September 17, 2022 Drew Smith

Why this is interesting: a big part of a strategist’s job is about looking for shifts suggest and new future, and the signals that show it unfolding. This magazine is one of those signals.


This magazine, picked up at  Athanaeum Boekhandel in Amsterdam on a wet Saturday evening, seems so au courant. It speaks to Grant McCracken’s Return of The Artisan. It offers an escape route — nay, 100 of them! — from a bullshit job. It’s a repost to the capitalist moral panic du jour, that of quiet quitting.

Last night on Twitter, I said:

The moral panic about folk wanting a life in which work doesn't suck all the life out of said life is quite the bonfire.

Anthony Ingram said:

The panic is, I suspect, being fuelled by companies that are shitting themselves realising their gravy train is coming to an end.

And to be sure, the WSJ and Bloomberg are pointing fingers for declining productivity at lazy employees and their quiet quitting ways.

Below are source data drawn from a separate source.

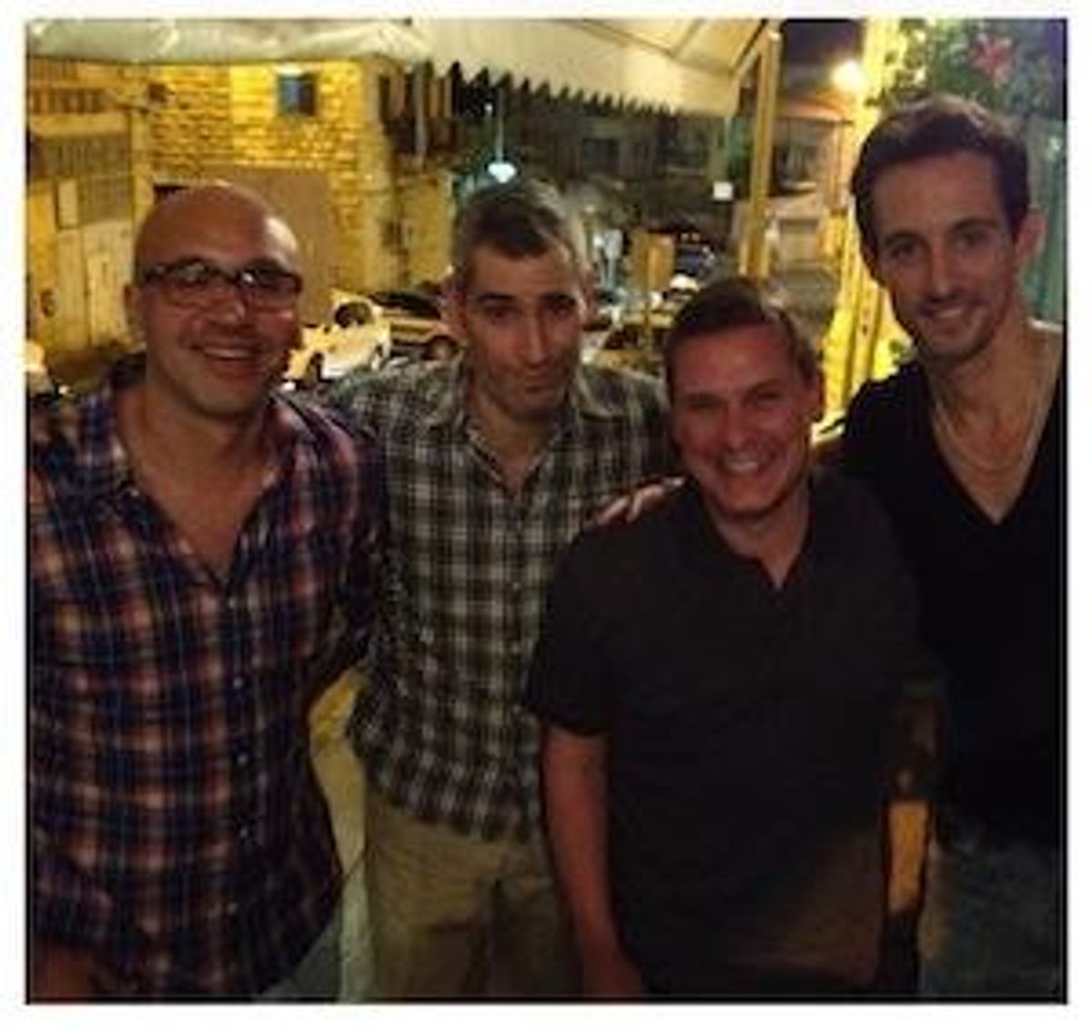 While we were in Jerusalem, I was able to join Out Editor in Chief Aaron Hicklin for a meal with Gal Uchovsky--who is a prominent personality, talented writer (and former judge on Israeli Idol)--and pop sensation Ivri Lider. After dining with the full group of editors at Chakra, a fine restaurant in its own right, we skipped dessert to go hunting for Machneyuda, the restaurant with the same name as the famed Jerusalem open-air food market. After wandering a few streets, we found the restaurant and embarked on an impressive chef's tasting menu that included a sensational creamy polenta served in a mason jar with a softboiled egg, a variety of wild mushrooms, goose liver, and truffle oil. It got a little rambunctious later, when the kitchen staff--including the chef--started pounding on pots and pans and drumming to the beat of a traditional Israeli tune.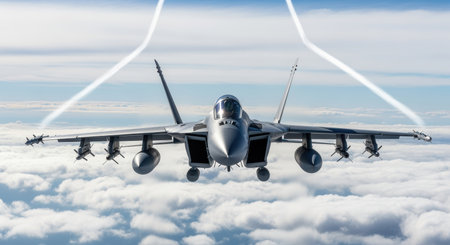 Modern fighter jet soaring above dense clouds with vapor trails and advanced weaponry under bright daytime blue sky.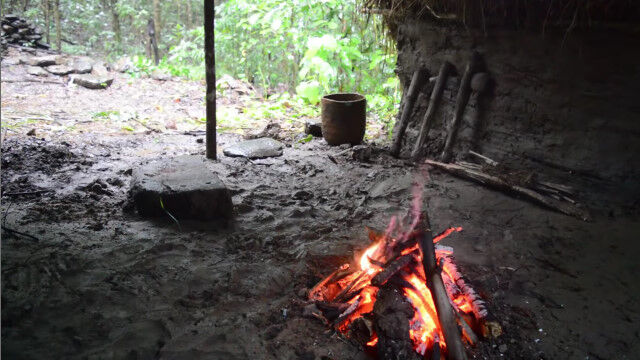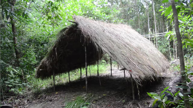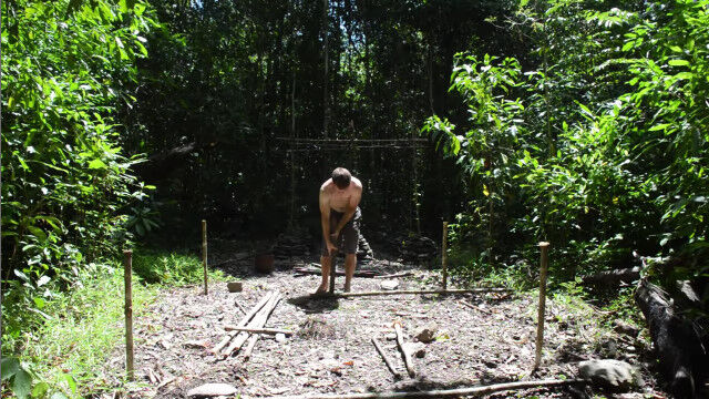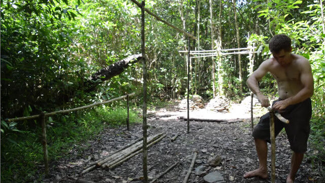 原始生活お兄さん、雨の日でも安心な作業小屋を建てる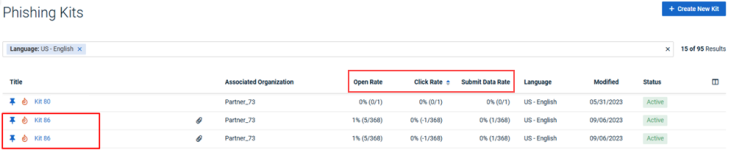 When sorting kits by the Open Rate, Click Rate, or Submit Data Rate columns on the Phishing Kits page, a duplicate kit entry was created in the table for any kit that was used in a campaign.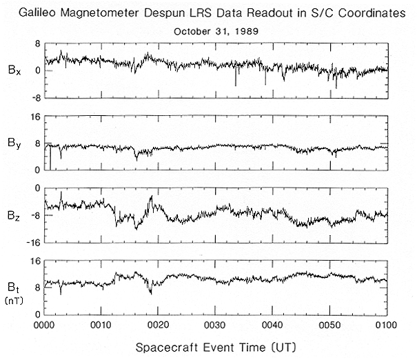 We have successfully tested this scheme for several modes of Galileo magnetometer operations. The relative angles of the sensors obtained from this scheme are within 0.1° of the angles obtained from the laboratory calibrations. The optimization program itself is very simple and less than 10 min of computer time is required on a Microvax work station to obtain all 8 parameters from 5 hours of input data. To illustrate the quality of the output despun data, we show the application of the method to a data set obtained from Galileo about two weeks after the launch when the spacecraft was in the solar wind. Figure A2.1 shows the despun data with the best matrix and offsets obtained from the optimization scheme described above. The spin ripple in all three components is below the ambient background noise in the data. This accuracy was achieved when only a few days of magnetic data with spacecraft attitude information were available to determine the matrix elements and the offsets. Further improvements in the parameters can be anticipated when quieter intervals become available for examination.

Others attribute the popularity of the term to burnt out workers trying to reclaim some empowerment from system that demands not only an employee’s time, but a fair degree of their selfhood, too.

Derek Thompson at the Atlantic makes the interesting point that quiet quitting isn’t really about quitting at all. Instead, he argues that it’s a catch-all term that’s been birthed in to the lexicon to:

describe the colliding pressures of wanting to be financially secure, but not wanting to let work take over their life, but also having major status anxiety, but also experiencing guilt about that status anxiety, and sometimes feeling like gunning for that promotion, and sometimes feeling like quitting, and sometimes feeling like crawling into a sensory deprivation tank to make all those other anxieties shut up for a moment.

Whichever narrative you subscribe to, it’s hard to escape the feeling that something is seriously fucked up in the world of work.

I suspect it’s a long way from over yet.